Note that we are in the metaslab_group_alloc_normal() routine, attempting to allocate blocks in the ZFS pool to which to write. Most of the time we are either sitting on the mutex waiting, or doing work in space_map_load() where we reconstitute the in-memory representation (AVL-based range tree) of the on-disk space map for some metaslab or other.

Comment by Joshua M. Clulow
Created at 2018-08-20T18:08:02.759Z
The storage pool in server MSB05760 has three raidz2 vdevs, each with 160 metaslabs. When I was looking at the server, it appeared that around half of the metaslabs were loaded. With mdb -k you can get a census of loaded vs unloaded slabs:

    > ::walk spa | ::print spa_t spa_normal_class->mc_rotor | ::list metaslab_group_t mg_next | ::print -ta metaslab_group_t mg_metaslab_tree | ::walk avl | ::print metaslab_t ms_loaded ! sort | uniq -c | sort -n
     216 ms_loaded = 0 (0)
     264 ms_loaded = 0x1 (B_TRUE)

(Note that spa_normal_class is all non-slog vdevs in the pool.)

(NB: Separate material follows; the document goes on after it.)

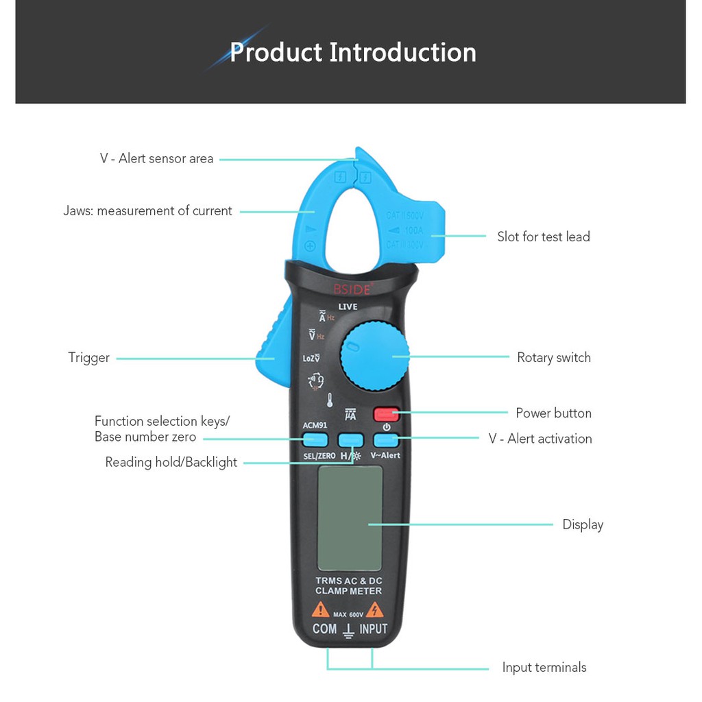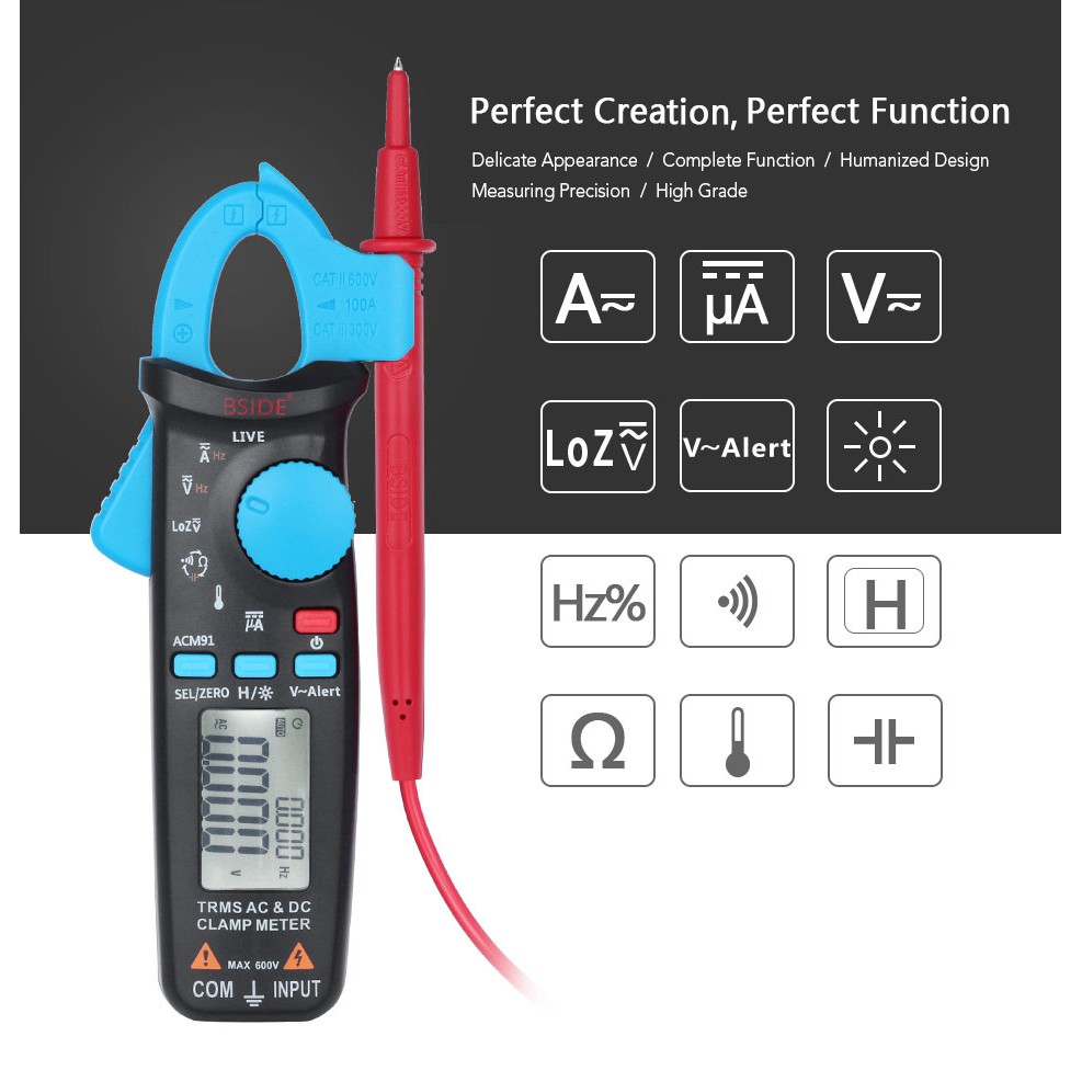 BSIDE ACM91 Digital Clamp Meter Current AC DC Voltmeter

There are a number of heuristic thresholds for metaslab and pool capacity which can change the way the allocator works. Looking at the pool with zdb -mmm zones, it seems that most of the metaslabs have:

156KB is still bigger than metaslab_df_alloc_threshold (128KB), below which we apparently use a more aggressive (pesimal?) allocation strategy. 10% is bigger than metaslab_df_free_pct (4%), below which we will switch from first-fit to best-fit.

Comment by Joshua M. Clulow
Created at 2018-08-20T18:17:08.402Z
I did a quick survey of machines that had very little data in their ZFS pools, and even under some write load those pools had only a handful (e.g., 3-6) metaslabs loaded at any particular time.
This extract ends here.